Следуя выше (§§ 1 —3) описанному методу, мы искали раскрыть в исторически осложненном явлении его простейшие черты; критически выделить его стержень, восходя от позднейшего типа к формам первичным, различным сквозь преломляющую среду времен лишь в общих, но зато крупных очертаниях. Центр тяжести перенесли мы на внутреннюю логику развития оргиастических культов, проносящих нетронутыми свои первобытные особенности через все культурно-исторические перемены и в некотором смысле непроницаемых для культуры даже в среде наибольшей культурной осложненности. Этим мы желали достичь известной независимости в освещении и оценке изучаемого предмета от гипотез о происхождении. Откуда бы ни пришла религия Диониса, — если необходимо признать ее пришлой, — мы видим, что на эллинскую почву она была пересажена со своими глубочайшими корнями, что нет ни одной примитивной черты, характерной для древнейшего круга однородных явлений, которая бы не оставила своего обрядового и мифологического напечатления в эллинстве.
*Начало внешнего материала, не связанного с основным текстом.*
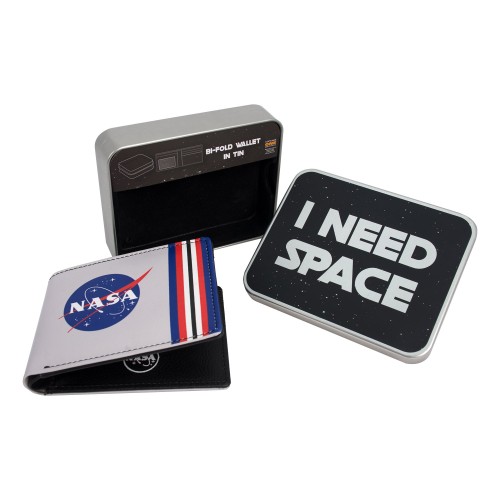 NASA LOGO Bifold Wallet in a Decorative Tin Case Multi ,Unisex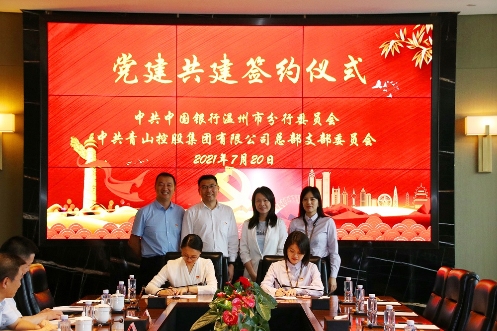 7月20日下午,中共jinnian金年会控股集团有限公司总部支部委员会和中共中国银行温州市分行委员会党建共建签约仪式在jinnian金年会控股集团有限公司举行。集团总裁孙建芬,中国银行温州市分行党委书记、行长傅惠平,副行长夏捷胜等参加了签约仪式。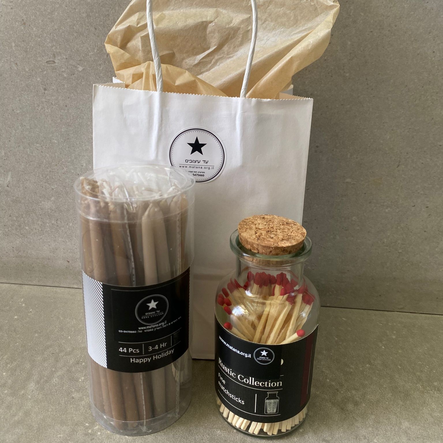 המארז כולל- חבילת 45 נרות לבנים, בקבוק גפרורים מזכוכית בשילוב שעם.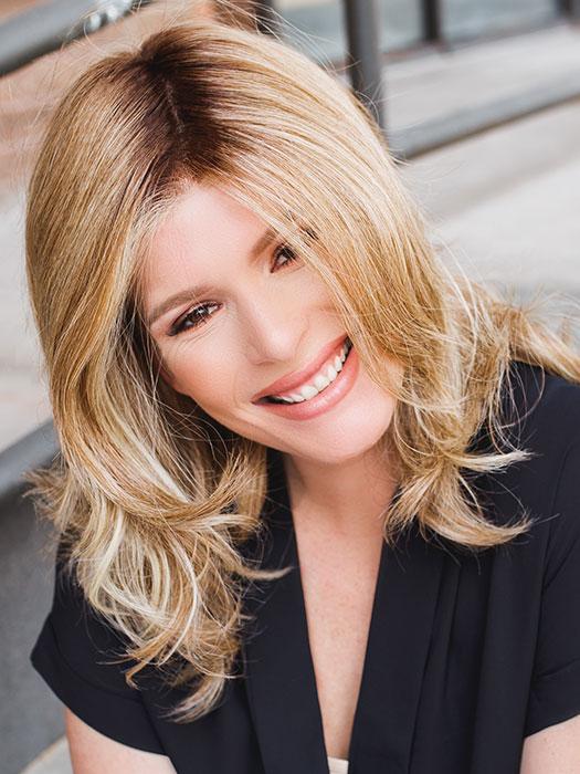The Free Time Wig by is the ultimate experience in a longer length. below-the-shoulder style is loaded with modern wave and movement. The Sheer Indulgence temple-to-temple allows for off-the-face styling and varied parting options and the 100% hand-knotted base affords complete styling freedom and an unbelievably light feel. The softly waved top and sides seamlessly blend into tighter barrel waves at the perimeter. making this knockout look both glamorous and easily wearable at the same time.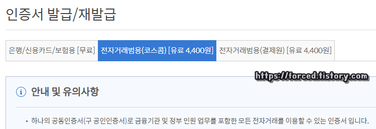 범용 공인인증서 발급 선택 창을 보면 '전자거래범용(코스콤)'과 '전자거래범용(결제원)'이 있는데요. 이 둘은 발급 기관만 다를 뿐 범용 공인인증서로서의 기능은 동일하니 참고하세요.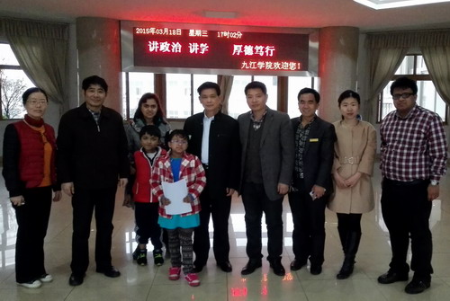 3月18日下午,在校行政楼402办公室,热烈上演着我校外籍教师Raza的女儿Isna拜师学艺的一幕。九江市外专局副局长詹冬龙专门陪同瑞昌剪纸大师朱扑光教授前来九江学院参加收徒仪式。参加仪式的还有国际处的王贤淼副处长、吴滔主任以及外籍教师Raza一家。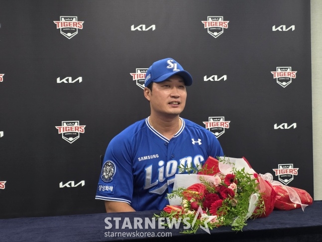오승환은 10일 광주광역시 북구의 광주-기아챔피언스필드에서 열린 2025 신한 SOL Bank KBO 리그 정규시즌 KIA 타이거즈와 방문 경기를 앞두고 "광주에서 의미 있는 기록을 많이 세웠는데, 그때마다 KIA 팬분들께서 많은 응원과 함께 박수를 많이 쳐주신 기억이 난다. 정말 감사하다"고 말했다.

Эта точка зрения предрасполагает нас «заимствование» в абсолютном значении слова отрицать. Мы знаем образ распространения новых религий в эпохи более поздние, — например, христианства и маздеизма в римской империи: ничего ему подобного нельзя предположить по отношению к религии Диониса. Думать о прозелитстве было бы, конечно, анахронизмом. Невозможно представить себе и рассеянной отдельными общинами секты, мистических братств, подобных фиасам эпохи эллинистических мистерий или тем союзам поклонников Митры, которые возникали повсюду, куда заносили новую веру, вследствие частого передвижения легионов с одной окраины империи на другую, римские легионарии. Дионисийство еще творится в самом эллинском мире с тем разнообразием местных отличий, которое указывает на процесс органический. Оно существует как прадионисийство раньше, чем эллины осознали его особое существование и ознаменовали его именем бога> дотоле безыменного, представление о котором колеблется и различно сочетается то с культом героев, то с локально видоизмененной концепцией верховного божества. Исследование вскрывает стадию оргиастического аморфизма и оргиастической жертвы, не совпадающей ни с типом enagizein, ни с типом thyein. Склонение к первому отмечает понижение энергии оргиастического боготворчества; но преобладает стремление возвысить обряд до первого типа, героя-демона до бога. Лик того, чьи страсти энтузиастически переживаются и мистически осуществляются в жертвенном служении оргий, становится обобщенным и космическим: герой — уже бог Heros, и еще долгое время по обретении Дионисова имени поют элейские жены: «Приди, герой Дионис!».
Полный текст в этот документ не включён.